When I stepped out of the kiosk the drizzle hit me in the face, but I didn't need it. I was as sober as Walter Cronkite. I sprinted for Alice, and people looked after me, hoping I might be something they'd see tomorrow on the news.
“Well, what a treat,” Aurora said as she opened the door to the bungalow. “So glad you could find the time.” Her mother was nowhere in sight.
“Where is she?” I said.
“Asleep. And it took long enough for you to get here.”
“Honey,” I said, “I've been working.” She started to bridle, and I said, “Sorry, sorry, not ‘honey.’ Aurora. Miss Sorrell, if you like. I've been looking for Aimee.”
“I've been calling you for hours.” She stepped back to let me in. She was wearing a long white shirt that looked like it belonged to her father, and her legs were bare, as they'd been created to be. There were weepy little smudges under her eyes.
“What's happened? Can she get up to talk to me?”
“She took a sleeper,” Aurora said. “She never takes a sleeper. She doesn't even take an aspirin . This is a woman who gets her teeth drilled without getting put out. It was one of my father's. He never packs right, you know what I mean? He left his whole overnight case here, razor and everything. I don't know how he stays in business.” She turned her back to me and walked to the couch. Her shoulders were as straight as a T square and she moved as though she would break if she bumped into anything. When she sat down she crossed her long brown legs and said, “I hope you're good.”
“I'm as good as I can be,” I said, following. “What's happened?”

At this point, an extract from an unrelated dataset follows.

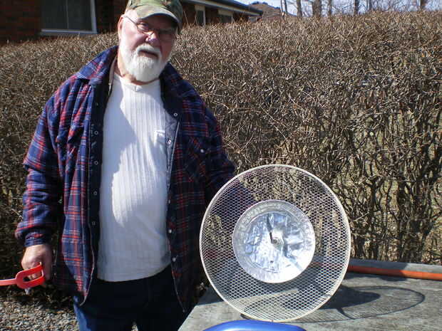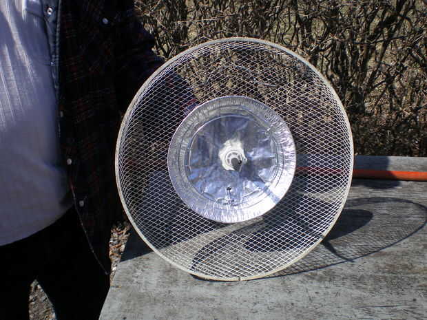 Fue cortado un agujero redondo en el centro de la tartera de aluminio que esto permitiría fijar a la rejilla del ventilador.

She pulled out the crumpled pack of Marlboro Lights and lit one, avoiding my eyes. “We've heard from Aimee,” she said, fanning the smoke away with one hand. She made a sound that was midway between a sneeze and a laugh. ” ‘Heard’ is the word, all right. My, oh my, have we heard from Aimee.”

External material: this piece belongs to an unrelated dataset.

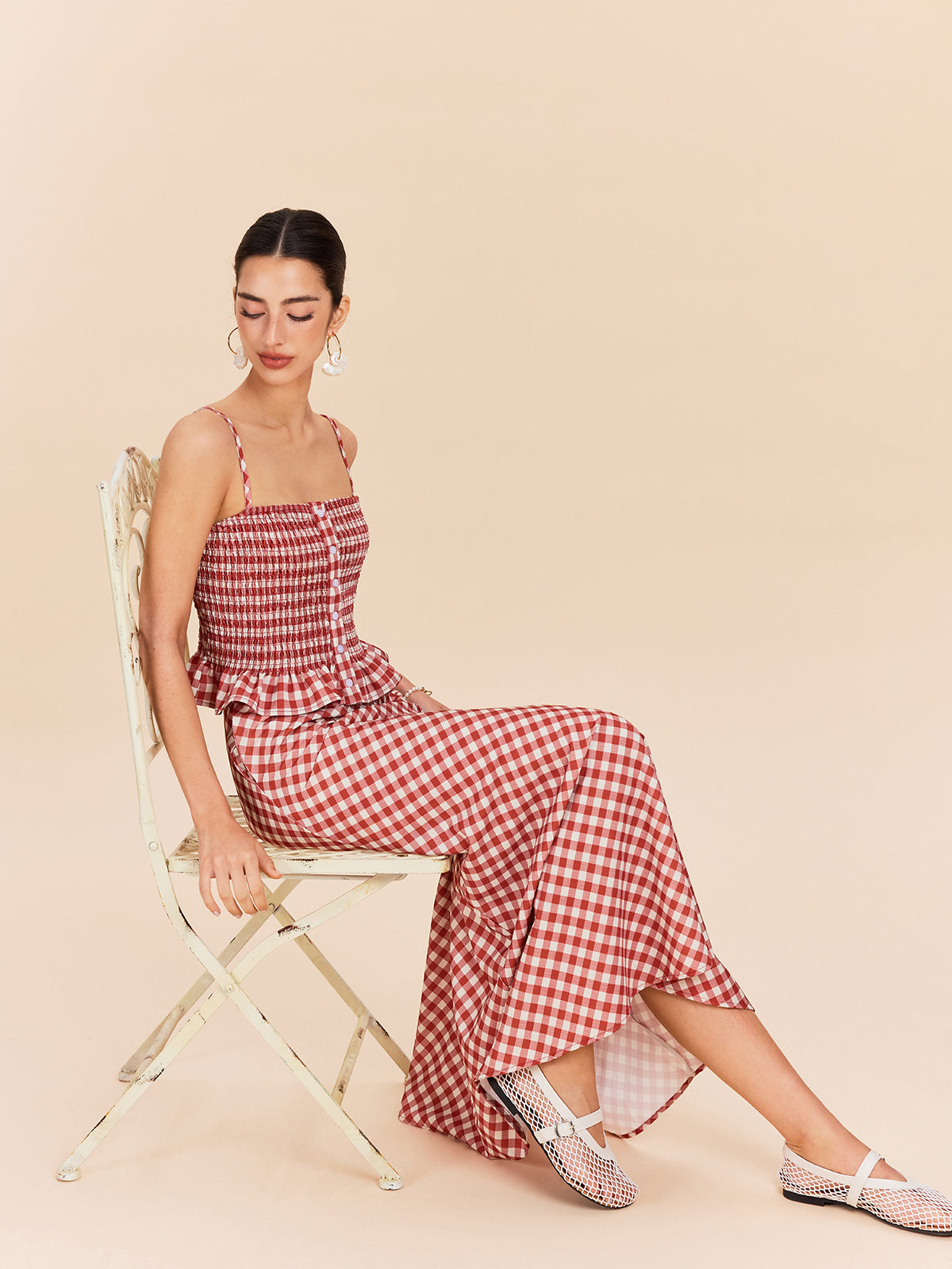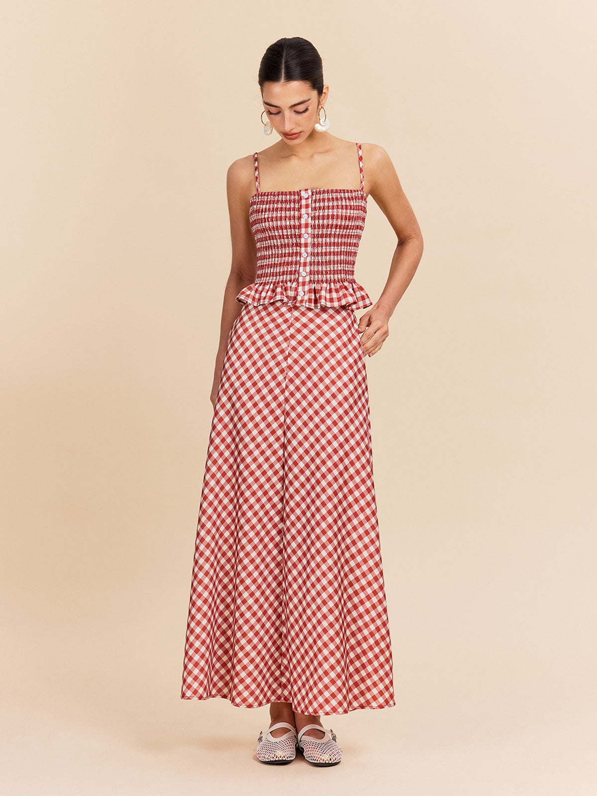 Kareli Cepli Maxi Etek Kırmızı Vintage Tarzı

“What are we talking about?” I said. “What do you mean, you've heard from Aimee?”
“I didn't believe it,” she said, drawing on the cigarette. “I didn't believe anything was wrong. They always worried more about Aimee than they did about me. Aimee's the baby. Aimee's the last thing left between my mother and menopause. Aimee's the pot of gold at the end of the hairbow. Sibling rivalry and then some.”
“Stop acting like Tallulah Bankhead and tell me what happened.”